Of 562 total readings taken during induction, 56% were in the normo- or prehypertensive range, but 30% were classified as stage 1 and 14% as stage II hypertension.


The combined percentage of stage 1 and 2 readings declined slightly over the year from 44% during induction to 35% during Q4 “but remained well above expected for the pediatric population,” the investigators reported.


Despite the high incidence, “I was surprised at how few of the patients with hypertension we actually treated,” Dr. Freiberg said in an interview.


Just 3 of the 36 patients studied received treatment for hypertension, he said, possibly because clinicians assumed that the effect was steroid related and transient.


“Now that we’re paying attention, however, we’re treating more of these patients,” Dr. Freiberg said.


The electronic record system used at his institution now alerts clinicians to hypertensive episodes during treatment, he added.

Kidney injury in AML

Like Dr. Freiberg and his colleagues, Liezl du Plessis, MBChB, from the British Columbia Children’s Hospital in Vancouver, Canada, and her colleagues were similarly taken aback when they looked into the incidence of acute kidney injury (AKI) in children and adolescents undergoing multidrug chemotherapy for AML.

“Chemotherapy agents that are used in acute myeloid leukemia are not considered to be nephrotoxic, so it was quite alarming to us to see that there is such a high rate of kidney injury in these patients,” Dr. du Plessis said in an interview.

Her group conducted a retrospective cohort study of 53 children and young adults treated with chemotherapy for de novo AML from 2005 through 2016. They defined AKI according to Kidney Disease Improving Global Outcomes (KIDGO) criteria.


They found that 34 of the 53 patients (64%) had AKI, with 11 patients having stage 1 (rise in serum creatinine of 1.5 or more times the baseline level), 11 having stage 2 (SCr 2 or more times baseline), and 12 having stage 3 AKI (SCr 3 or more times baseline or the need for dialysis).


Creatinine changes were counted only if they occurred within 7 days from nadir to peak.


AKI occurred in all chemotherapy cycles, with severe injury having the highest frequency in cycle 1.


In a logistical regression model, factors significantly associated with risk for AKI were male sex (odds ratio, 0.2; P = .03) and age 10 years or older (OR, 17.3; P less than .01). Neither sepsis nor aminoglycoside or vancomycin use for more than 3 days was significantly associated with risk for AKI, however.
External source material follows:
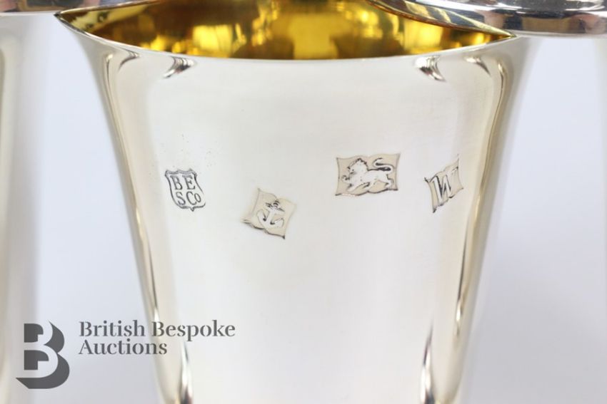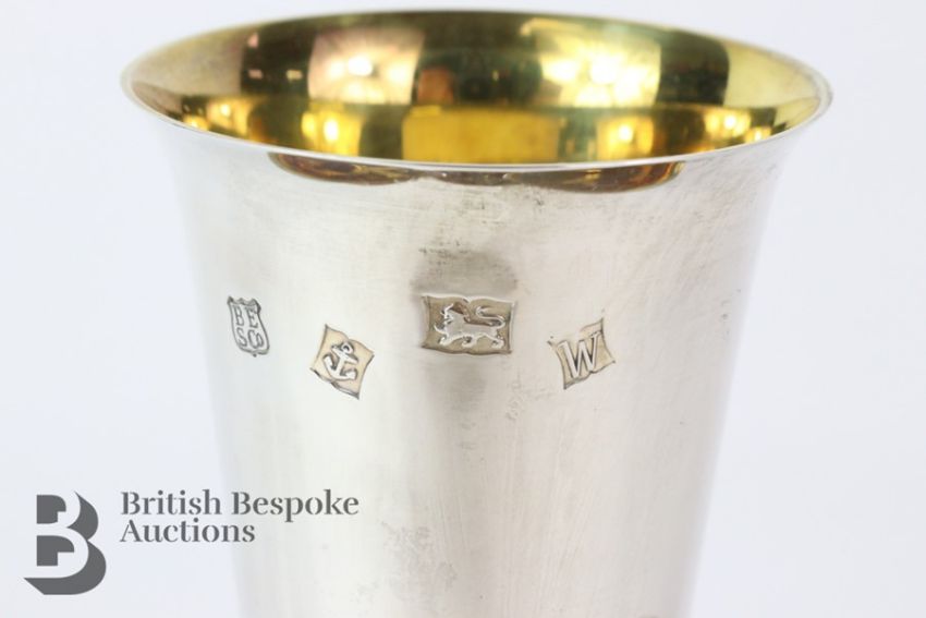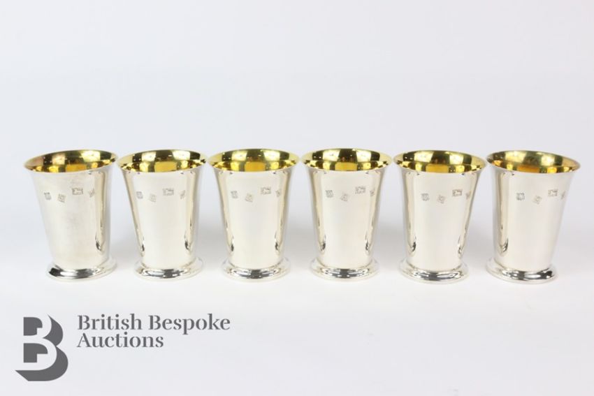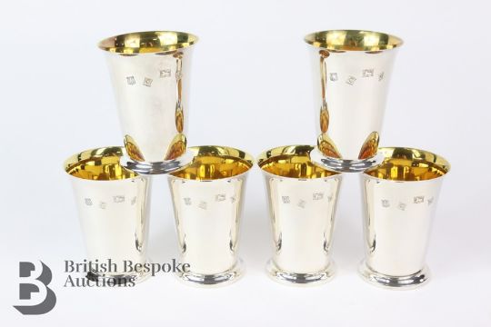Six silver tumblers, with gilded interiors, Birmingham hallmark, dated 1971 , mm Barker Ellis Silver Company, approx 8 cms, approx 563 gms.Note: in very good condition, gilding is clean and bright, clean hallmarks.

“I think people need to realize that many of these injuries are happening on the oncology ward, and some of these kids may not even look acutely unwell, so people need to take note.” Dr. du Plessis said.


She recommended curtailing use of nephrotoxic agents whenever possible, and emphasized that clinicians need to document AKI in the medical record.


“A big portion of our AML population goes on to bone marrow transplant, and that is known to be a high risk for further kidney injury. So, I think it would be important to know that before your patient goes for his transplant that he already has certain toxicities and organ injury, so that you can limit things like fluids and get the nephrology team on board to help with the management of these patients,” she said.


The study by Dr. Freiberg was supported by the Four Diamonds Fund. The study by Dr. du Plessis was internally funded. The investigators for each study reported having no relevant financial disclosures.